This makes no damned sense.
No, I’m not talking about ACA/Obamacare criticism—there are legitimate political questions about the size and role of government in the provision of the general welfare—but the notion that maternity care only benefits fertile women:
A “single male, age 32, does not need maternity coverage,” [Representative Renee] Ellmers said. […]
[…] Harvard economist Greg Mankiw, a former Mitt Romney adviser, asserted: “Having children is more a choice than a random act of nature. People who drive a new Porsche pay more for car insurance than those who drive an old Chevy …. Why isn’t having children viewed in the same way?”
[…] “My [Nicole Hopkins, writing in the Wall Street Journal] asked ‘Do I need maternity care at 52?'”
No, men don’t get pregnant, yes, having children is a choice, and no, most 52-year-old women do not need maternity care.

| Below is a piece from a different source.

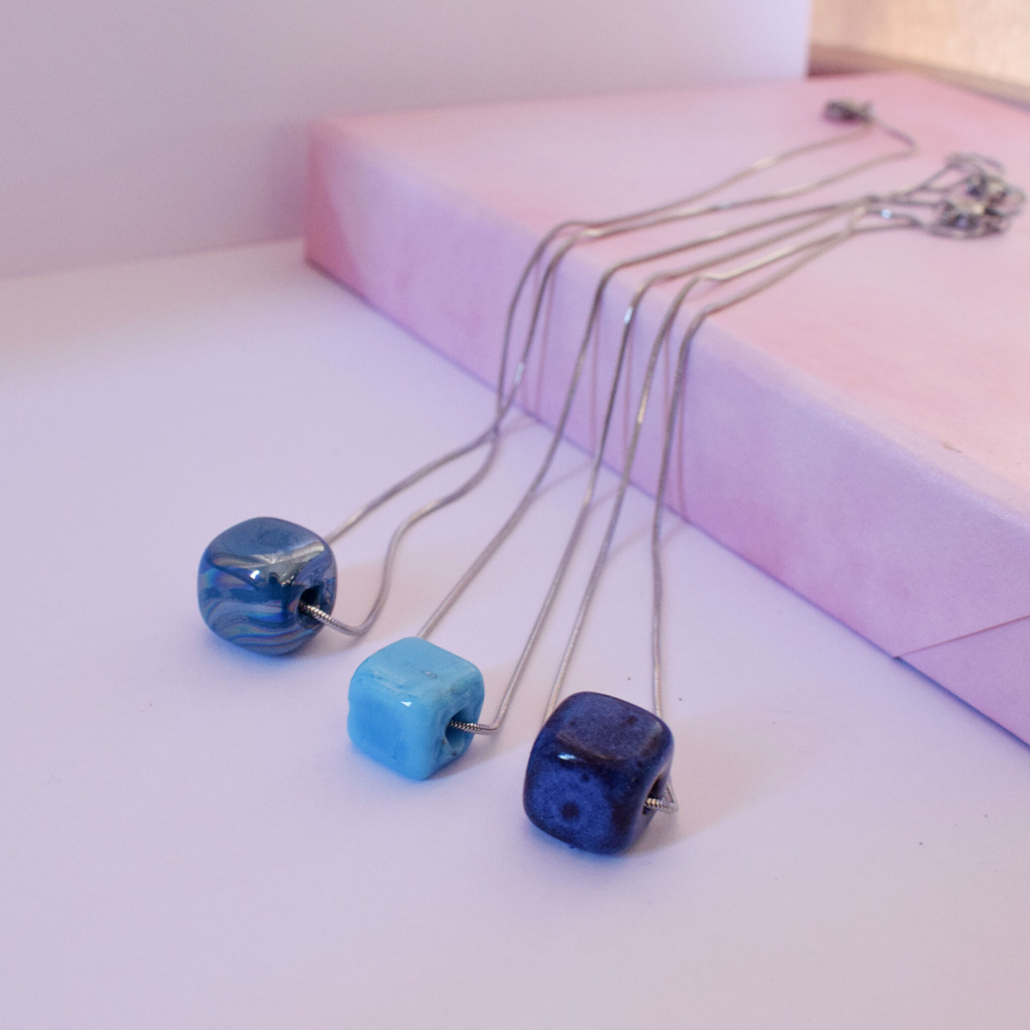 Ατσάλινα κολιέ με κύβο Γυάλινο ή κεραμικό 45 εκατοστά

That is all irrelevant, however.
Garance Franke-Ruta concentrates on the empirical realities facing mothers in the US in her analysis of the anti-maternity care argument, but even that analysis is beside the point.
What is the point? Every single goddamned person who is and was ever on the planet was born to a woman, and was cared for by someone else—almost always the woman who gave birth. It is a basic condition of our existence.
There is no human life, no society, no politics, no world, without children being born and raised.
We do not exist without care.
Which is precisely fucking why maternity care affects us all, and ought to matter to us all. Goddammit all.